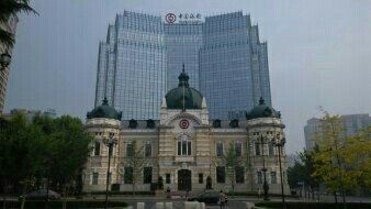 中国银行大连分行,位于中山区中山广场北面,前面欧式建筑风格,宏伟壮观,后面现代的高楼大厦,威武雄壮。
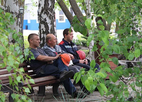 Рабочие в зоне отдыха, разбитой между цехами на заводской территории.
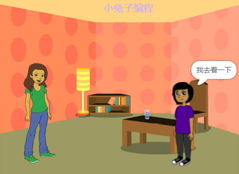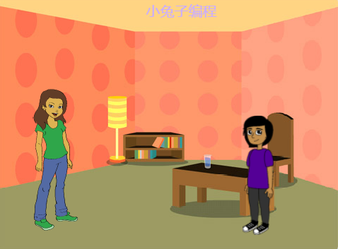 (1)点击绿旗,舞台背景切换为Room 2,Abby出现在舞台左侧,面向右,Dani出现在舞台右侧,面向左;
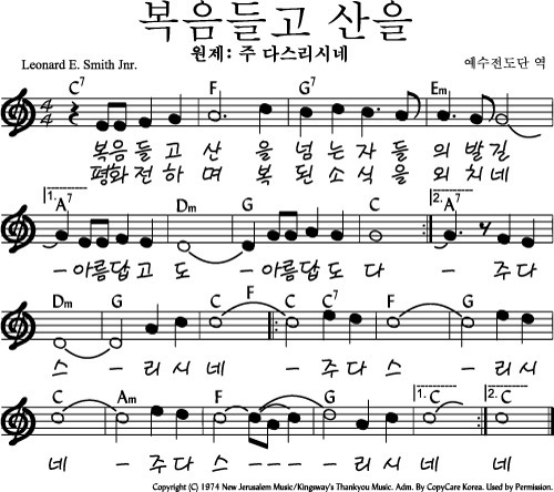 복음들고 산을(주다스리시네) - 악보,가사,영상 C KEY
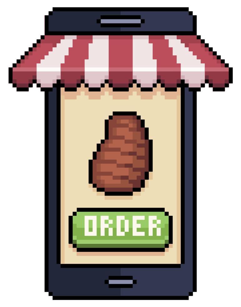 Pixel art mobile phone ordering meat in food app vector icon for 8bit game on white background Pro Vector
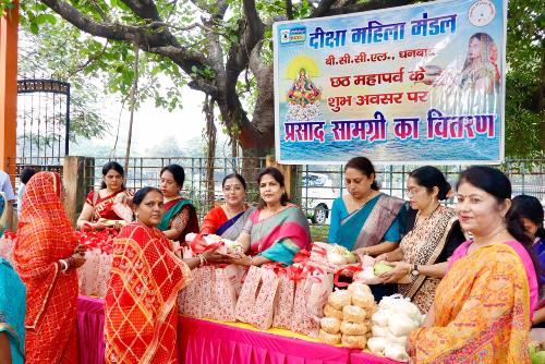 दीक्षा महिला मंडल, बीसीसीएल द्वारा छठ व्रतियों के बीच प्रसाद सामग्री का वितरण
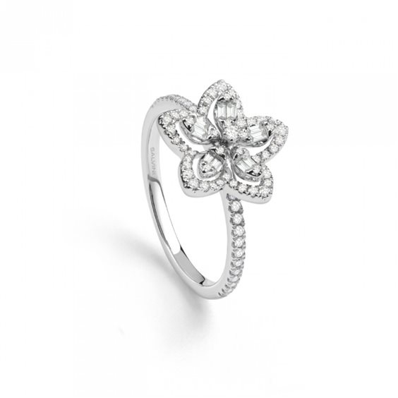 Anello della collezione Magia garden in oro bianco e diamanti a taglio rotondo e baguette di caratura 0,57 di colore GH.

+===+

• TO DO: All of the data must be set down exactly, with no pictures included.

• ANSWER BELOW:
 中国银行大连分行,位于中山区中山广场北面,前面欧式建筑风格,宏伟壮观,后面现代的高楼大厦,威武雄壮。
 Рабочие в зоне отдыха, разбитой между цехами на заводской территории.
 (1)点击绿旗,舞台背景切换为Room 2,Abby出现在舞台左侧,面向右,Dani出现在舞台右侧,面向左;
 복음들고 산을(주다스리시네) - 악보,가사,영상 C KEY
 Pixel art mobile phone ordering meat in food app vector icon for 8bit game on white background Pro Vector
 दीक्षा महिला मंडल, बीसीसीएल द्वारा छठ व्रतियों के बीच प्रसाद सामग्री का वितरण
 Anello della collezione Magia garden in oro bianco e diamanti a taglio rotondo e baguette di caratura 0,57 di colore GH.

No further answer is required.